Jonathan: She has won over the hearts of her grandparents, and they do their best to make sure she gets exactly what she wants. We knew alongside of loving friends and family, Grace would thrive. Every holiday is extravagant and messy and grateful. She loves the beach and looks forward to family vacations. We go big, because we have a lot to celebrate in Grace, and we are just thankful that we were chosen for such a special little girl.
Q: And I hear that you have a new member to the family?
Jonathan: Yeah. In October of 2013, we felt the stirring to adopt again. Jessica and I had taken a cruise to celebrate our anniversary, and it was the first time we had been able to get away for a trip being just us. Still a little unsure because of the debt from Grace's adoption, we started praying. We enjoyed our trip and our time together, and as the trip was coming to and end, we had a lot to consider. We believed the Lord was in this and that he would take care of the details. By the end of October, we felt the nudge in our spirits confirmed and so began the process. We searched and found our agency, and chose to adopt a baby girl from China. This time we were more prepared. We quickly organized, made appointments, received necessary signatures, collected appropriate approvals, and had our home study complete within several months. We expressed that we would accept a child with minor correctible problems, and by the middle of December we had a referral. This little girl had a cleft lip, cleft palate, and possibly a alveolar cleft. We knew that she would need multiple surgeries throughout her childhood years in order to correct these issues. Again, financially this would be an uphill climb for us; however, we could not deny the love that God had already placed in our hearts for this little girl. We read her tragic story, and it broke us. She was left abandoned with only a note with her name and birthday. Somewhere along the way, a young mother was stricken with fear strong enough to leave her child on the side of a road. We came to the same conclusion as before, God gave us this child as our own and there was no way we could reject her. We accepted her referral and were matched by the end of December. Our process has moved along faster than anticipated, and we have paid in cash for every payment up to this point. We still have $15,000 to raise for this adoption. We are believing that God will be faithful in providing and are hoping that with the funds available and paid, we will be traveling to get our daughter by September or October of this year. We are naming her Oliviya Kate Taylor.
Q: What advice would you give for anyone who is considering adoption?

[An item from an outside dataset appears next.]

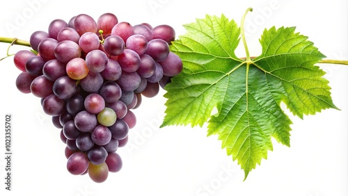 Obraz premium Grapes and green leaf hanging from vine on white background

Jonathan: I'd encourage you to ask Jesus for guidance, courage, and strength. It is a challenging journey, full of unexpected changes and trials, that could easily deter you. Expect the difficulty and struggles, but rest in the confidence that God has a special somebody waiting to fill your arms...and He's faithful to see that to completion. Not everything is strenuous; so much of the adoption process is full of joy and excitement. When choosing an agency, don’t rush out to the first one you see. Find one that will be open and transparent about the joys and difficulties of each country. They all pose different challenges and requirements. Be patient and let God guide your steps and your heart. Pray as a family, and seek God's will. He is faithful.
Jessica: During this process, The Lord opened my eyes to something I never considered before. Although Jesus was Mary and Joseph’s son, he first belonged to God. God found them worthy to adopt Jesus as their own...to protect, love, and care for him on this earth. Misunderstood in the eyes of others, they said yes. With faith and uncertainty, scared, unsuitable, unsupported, and poor, they said yes. Adoption is close to God’s heart--it is His heart. It is how our God chose to begin Jesus’ ministry on this earth. So that's how we've chosen to look at this valuable, sometimes grueling, process. If it is important to God, it should be important to us.